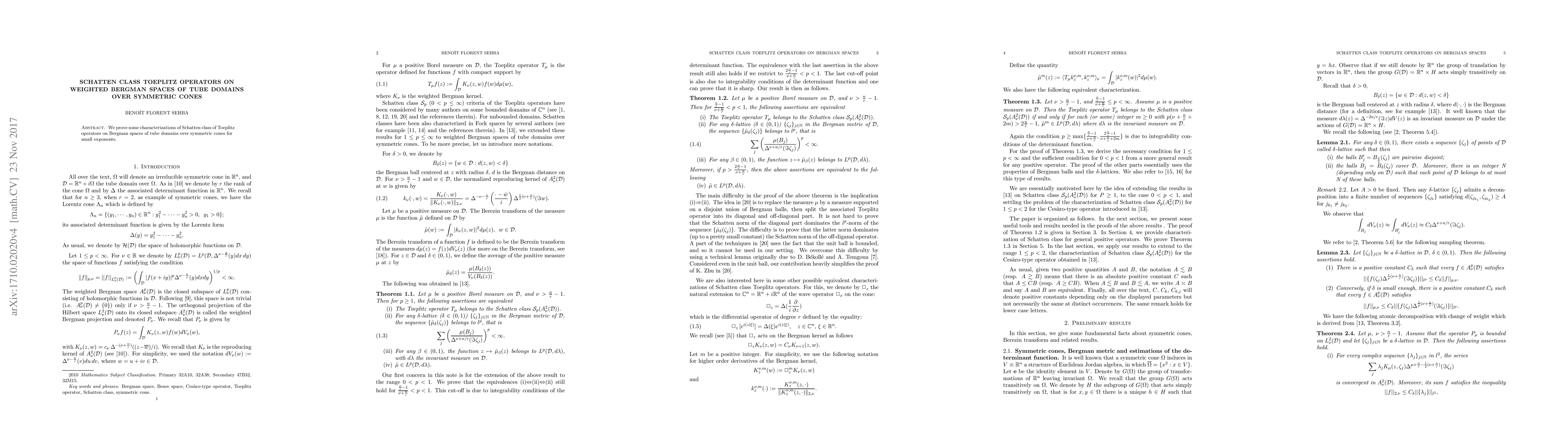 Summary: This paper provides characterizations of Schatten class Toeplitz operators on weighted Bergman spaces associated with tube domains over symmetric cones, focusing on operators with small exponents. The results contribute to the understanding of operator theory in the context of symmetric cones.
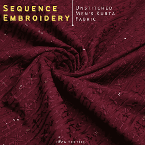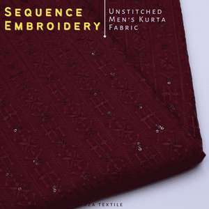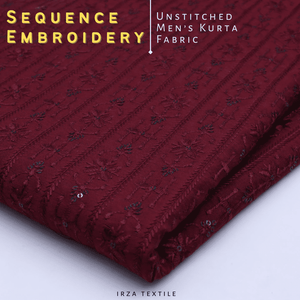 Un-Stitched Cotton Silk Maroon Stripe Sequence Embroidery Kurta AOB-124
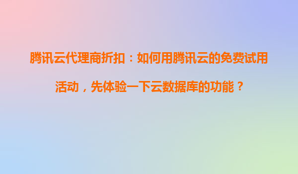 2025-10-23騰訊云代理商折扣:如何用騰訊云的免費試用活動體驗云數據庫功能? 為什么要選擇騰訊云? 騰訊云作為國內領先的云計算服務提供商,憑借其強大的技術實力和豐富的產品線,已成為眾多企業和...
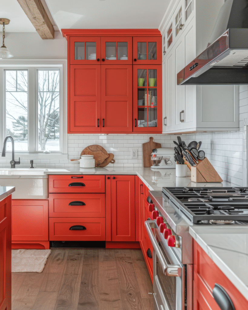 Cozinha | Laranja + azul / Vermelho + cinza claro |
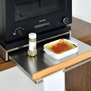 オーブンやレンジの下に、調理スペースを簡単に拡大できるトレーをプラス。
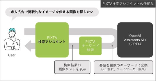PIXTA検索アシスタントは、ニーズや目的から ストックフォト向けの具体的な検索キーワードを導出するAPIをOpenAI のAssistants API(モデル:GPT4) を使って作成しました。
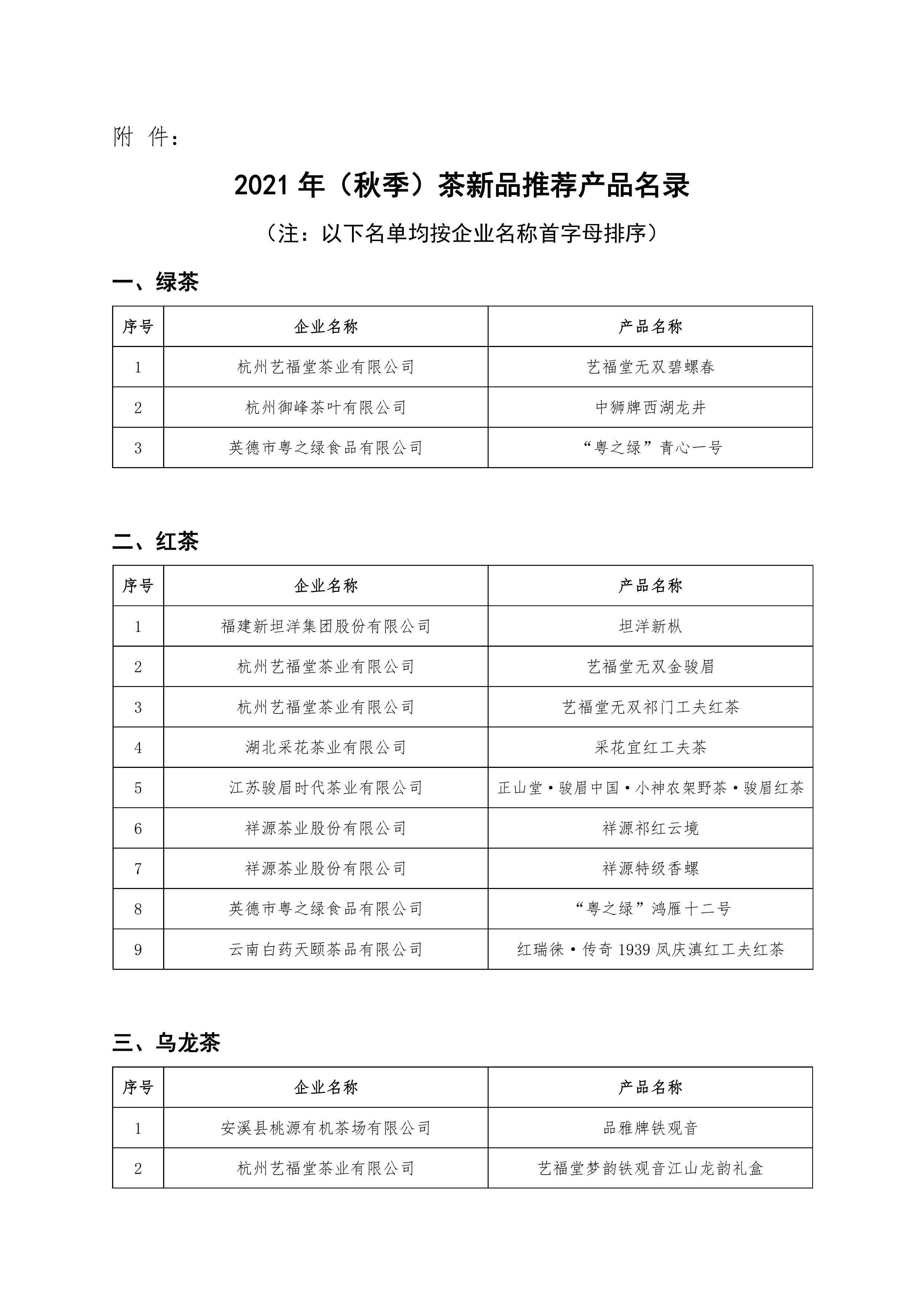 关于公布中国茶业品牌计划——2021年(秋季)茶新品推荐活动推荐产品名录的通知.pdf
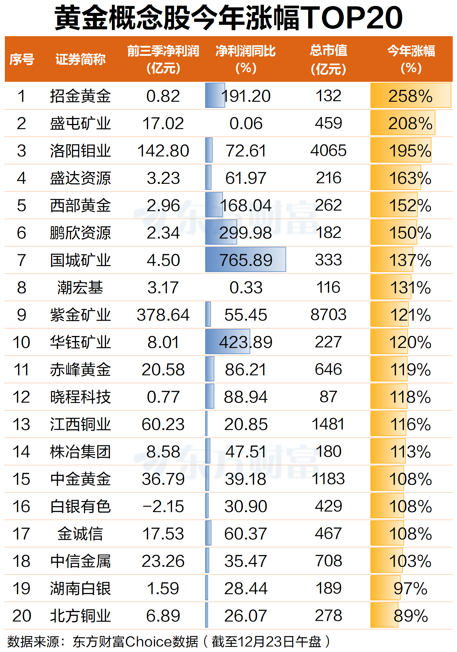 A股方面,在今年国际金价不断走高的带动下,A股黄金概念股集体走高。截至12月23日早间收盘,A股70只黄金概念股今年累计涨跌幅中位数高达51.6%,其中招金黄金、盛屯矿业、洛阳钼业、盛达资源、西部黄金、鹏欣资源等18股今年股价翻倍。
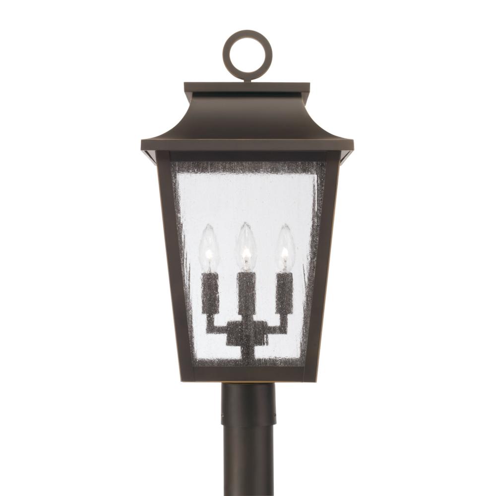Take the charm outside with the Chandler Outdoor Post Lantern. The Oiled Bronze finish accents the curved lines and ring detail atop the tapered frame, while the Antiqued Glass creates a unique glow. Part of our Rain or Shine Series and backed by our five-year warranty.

========================================

• **WHAT IS BEING ASKED**
Give every record again without changing a word. Exclude the pictures.

• **WRITTEN SOLUTION**
 Summary: This paper provides characterizations of Schatten class Toeplitz operators on weighted Bergman spaces associated with tube domains over symmetric cones, focusing on operators with small exponents. The results contribute to the understanding of operator theory in the context of symmetric cones.
 Un-Stitched Cotton Silk Maroon Stripe Sequence Embroidery Kurta AOB-124
 2025-10-23騰訊云代理商折扣:如何用騰訊云的免費試用活動體驗云數據庫功能? 為什么要選擇騰訊云? 騰訊云作為國內領先的云計算服務提供商,憑借其強大的技術實力和豐富的產品線,已成為眾多企業和...
 Cozinha | Laranja + azul / Vermelho + cinza claro |
 オーブンやレンジの下に、調理スペースを簡単に拡大できるトレーをプラス。
PIXTA検索アシスタントは、ニーズや目的から ストックフォト向けの具体的な検索キーワードを導出するAPIをOpenAI のAssistants API(モデル:GPT4) を使って作成しました。
 关于公布中国茶业品牌计划——2021年(秋季)茶新品推荐活动推荐产品名录的通知.pdf
 A股方面,在今年国际金价不断走高的带动下,A股黄金概念股集体走高。截至12月23日早间收盘,A股70只黄金概念股今年累计涨跌幅中位数高达51.6%,其中招金黄金、盛屯矿业、洛阳钼业、盛达资源、西部黄金、鹏欣资源等18股今年股价翻倍。
Take the charm outside with the Chandler Outdoor Post Lantern. The Oiled Bronze finish accents the curved lines and ring detail atop the tapered frame, while the Antiqued Glass creates a unique glow. Part of our Rain or Shine Series and backed by our five-year warranty.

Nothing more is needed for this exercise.